The club would name Doug MacLean as general manager. MacLean had previously been the head coach of the Florida Panthers, leading the team to the Stanley Cup Finals in 1996. MacLean hired Dave King as the head coach of the Jackets. King had previously been the head coach of the Calgary Flames from 1992 to 1995, and was an assistant on the Montreal Canadiens from 1997 to 1999.

On June 23, 2000, the Blue Jackets and their expansion cousins, the Minnesota Wild, participated in the 2000 NHL Expansion Draft in Calgary. Columbus selected goaltender Rick Tabaracci with their first pick. The following day on June 24, Columbus would participate in the 2000 NHL Entry Draft, and selected Rostislav Klesla with the fourth overall pick.

Regular season
On October 7, 2000, Columbus would play in their first game ever, losing 5–3 to the Chicago Blackhawks at Nationwide Arena. Bruce Gardiner scored the first goal in franchise history.  On October 14, the Blue Jackets became part of hockey history. In a loss against the Colorado Avalanche, goaltender Patrick Roy tied Terry Sawchuk for most career wins by a goaltender. The Blue Jackets would win their first ever game on October 12, defeating the Calgary Flames 3–2 at the Pengrowth Saddledome. Columbus would win its first home game on October 27, defeating the visiting Washington Capitals 3–1.
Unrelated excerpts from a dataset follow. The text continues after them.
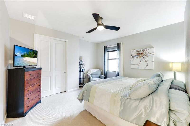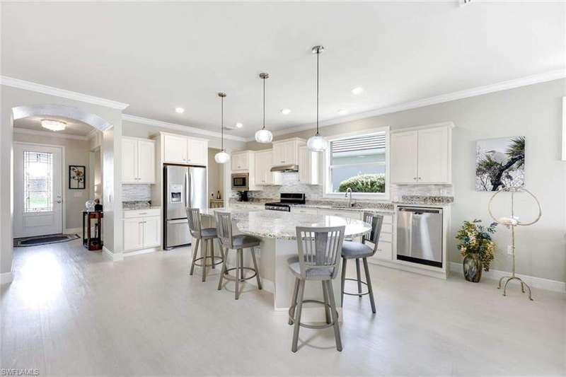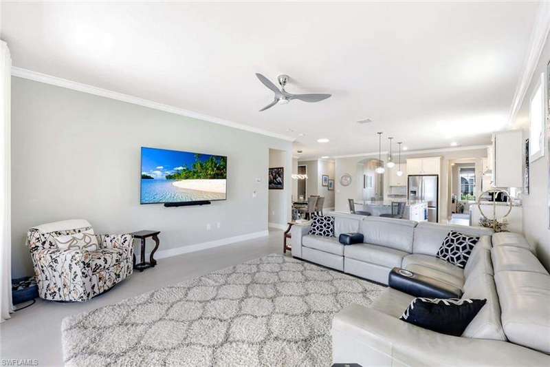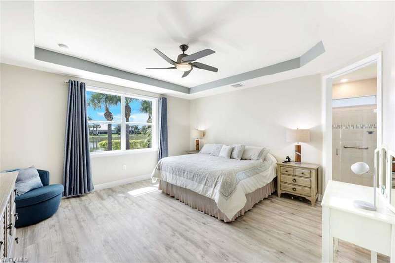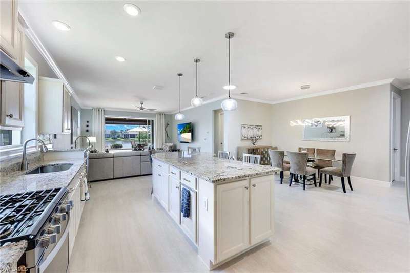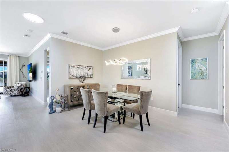 Nestled in the picturesque city of Estero, this exquisite lakefront property offers a blend of luxury and functionality, perfect for those seeking a vibrant community lifestyle. The home is located in a prestigious gated community, where residents enjoy top-tier amenities, including a state-of-the-art fitness center, pickleball and tennis courts, bocce, a rejuvenating spa, a community pool, dog park, and a charming library. Designed for entertaining and relaxation this 2 bedroom plus Den offers a 20x20 extended lanai showcasing breathtaking views of the serene lake. Culinary enthusiasts will appreciate the gourmet kitchen, equipped with stainless steel appliances, a conveniently raised dishwasher, instant hot water, a gas range, and elegant 42' cabinetry. Recent renovations have enhanced the home's functionality, adding a separate 10x12 workroom area in the garage, a pull-down ladder to access attic storage, and crown molding throughout. The property boasts custom landscaping serviced by a drip system, ensuring year-round beauty, and electric storm screens on the lanai and accordion shutter on all windows offer added protection and ***NO CDD. *** For ultimate convenience, a generator is included, ensuring peace of mind during Florida's stormy seasons. Ideally positioned close to pristine beaches, the property is just minutes from a variety of dining and shopping destinations, including Miromar Outlets, Hertz Arena, Gulf Coast Center, and Coconut Point Shopping areas, with the SWFL International Airport also within easy reach. This home represents combined luxury, comfort, and unrivaled convenience in a breathtaking lakeside setting.
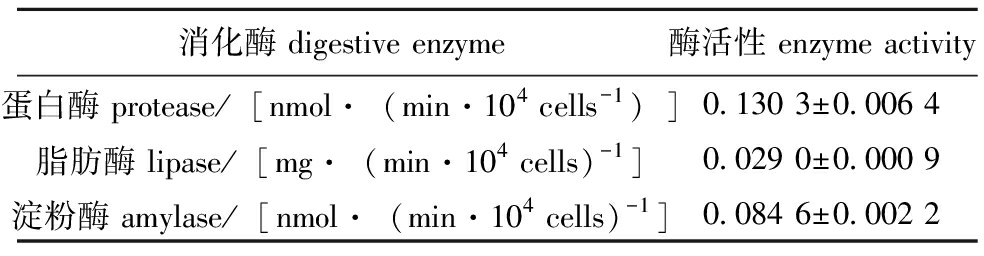 消化酶 digestive enzyme酶活性 enzyme activity蛋白酶 protease/[nmol·(min·104 cells-1)]0.130 3±0.006 4脂肪酶 lipase/[mg·(min·104 cells)-1]0.029 0±0.000 9淀粉酶 amylase/[nmol·(min·104 cells)-1]0.084 6±0.002 2
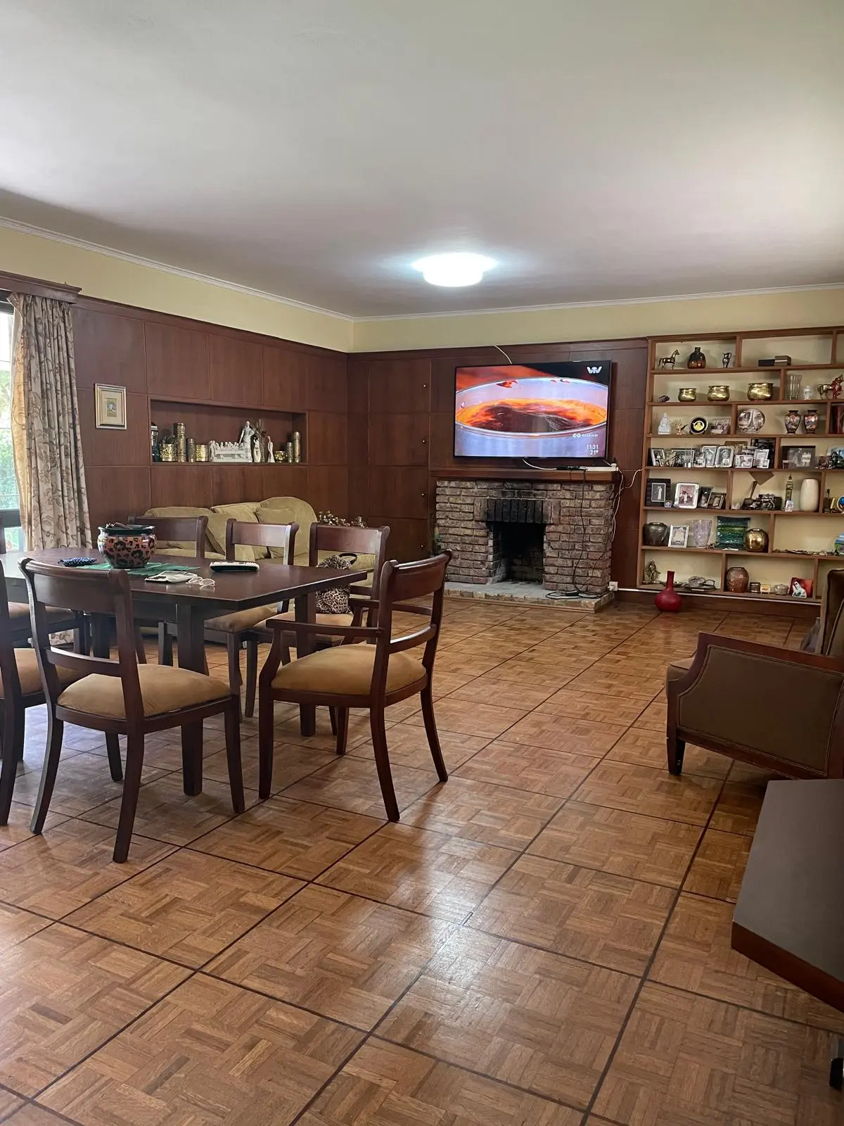 Gran living comedor con hogar y ventanales hacia el fondo.
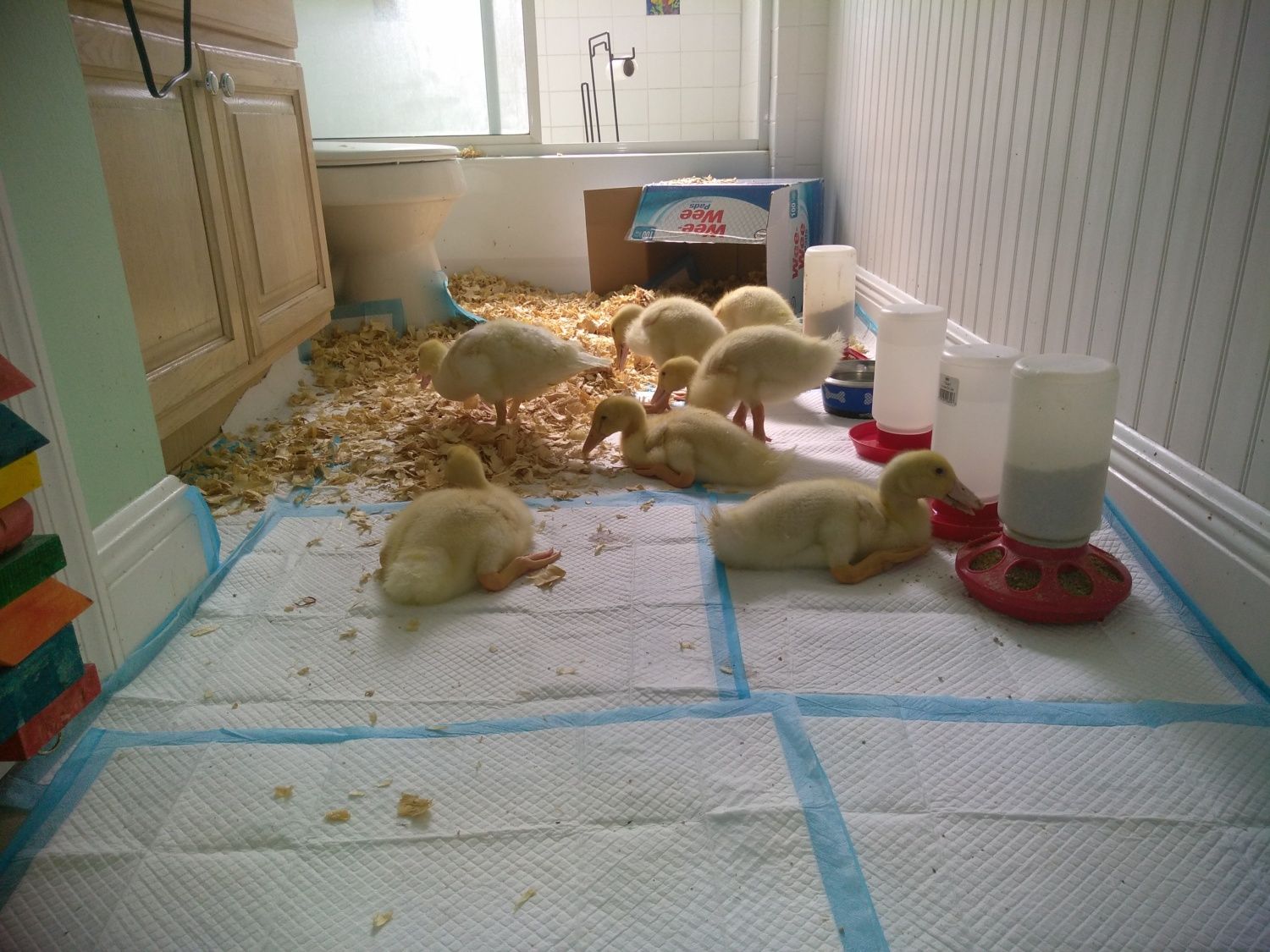 Do you have a duck house outside? they are growing so fast they will be feathered in and ready for it soon. lolThey go back and forth between my bedroom and the bathroom
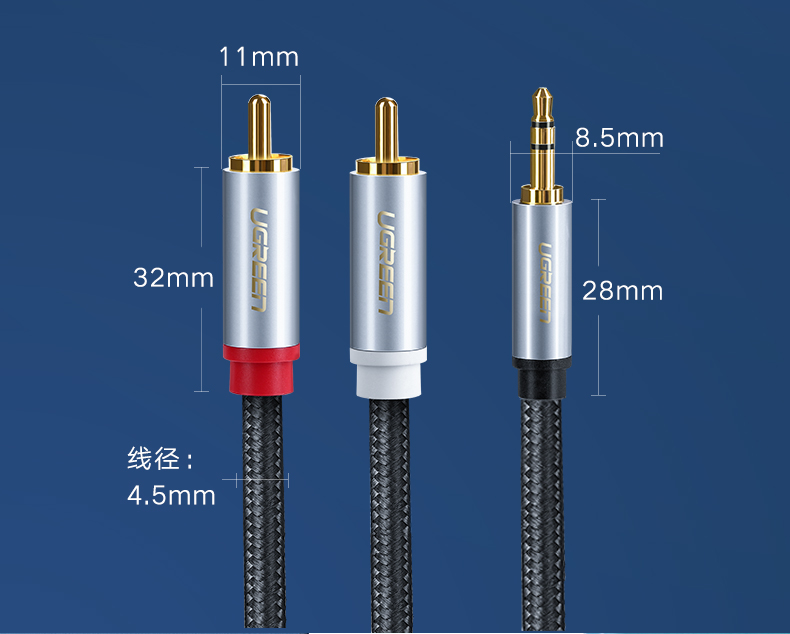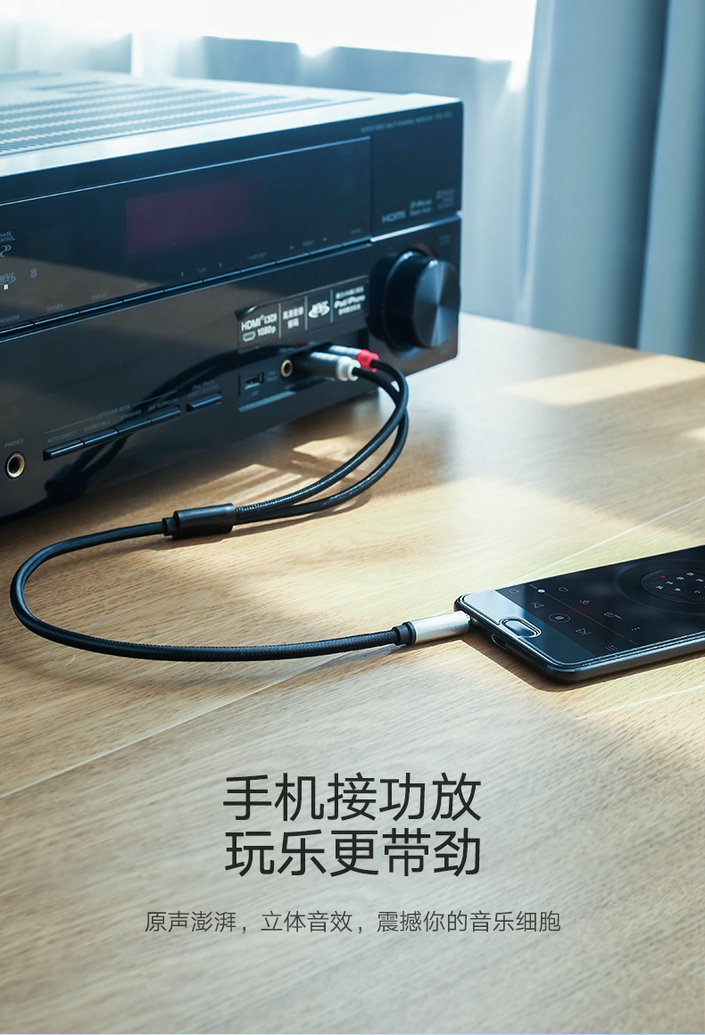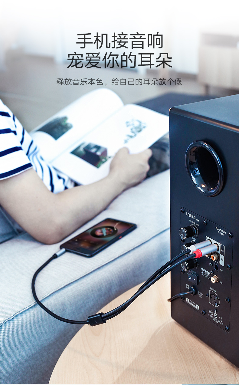 綠聯(lián) AV135 3.5mm公轉(zhuǎn)2RCA公音頻線手機(jī)電腦電視音響箱轉(zhuǎn)換線 棉網(wǎng)款 5米 黑色 單位:根

The Blue Jackets, like most expansion teams, would struggle throughout the season, and would finish the year 11 games under .500, with a 28–39–9–6 record, earning 71 points, 19 points behind the Vancouver Canucks for the final playoff spot in the Western Conference.

Geoff Sanderson would lead the Jackets with 30 goals and 56 points, while Espen Knutsen would lead Columbus with 44 assists. Steve Heinze was having a solid season, scoring 22 goals and 42 points, before being dealt to the Buffalo Sabres at the trade deadline. Jamie Heward led the blue line, scoring 11 goals and 27 points, while Deron Quint would score 7 goals and 23 points. Tyler Wright led the club with 140 penalty minutes.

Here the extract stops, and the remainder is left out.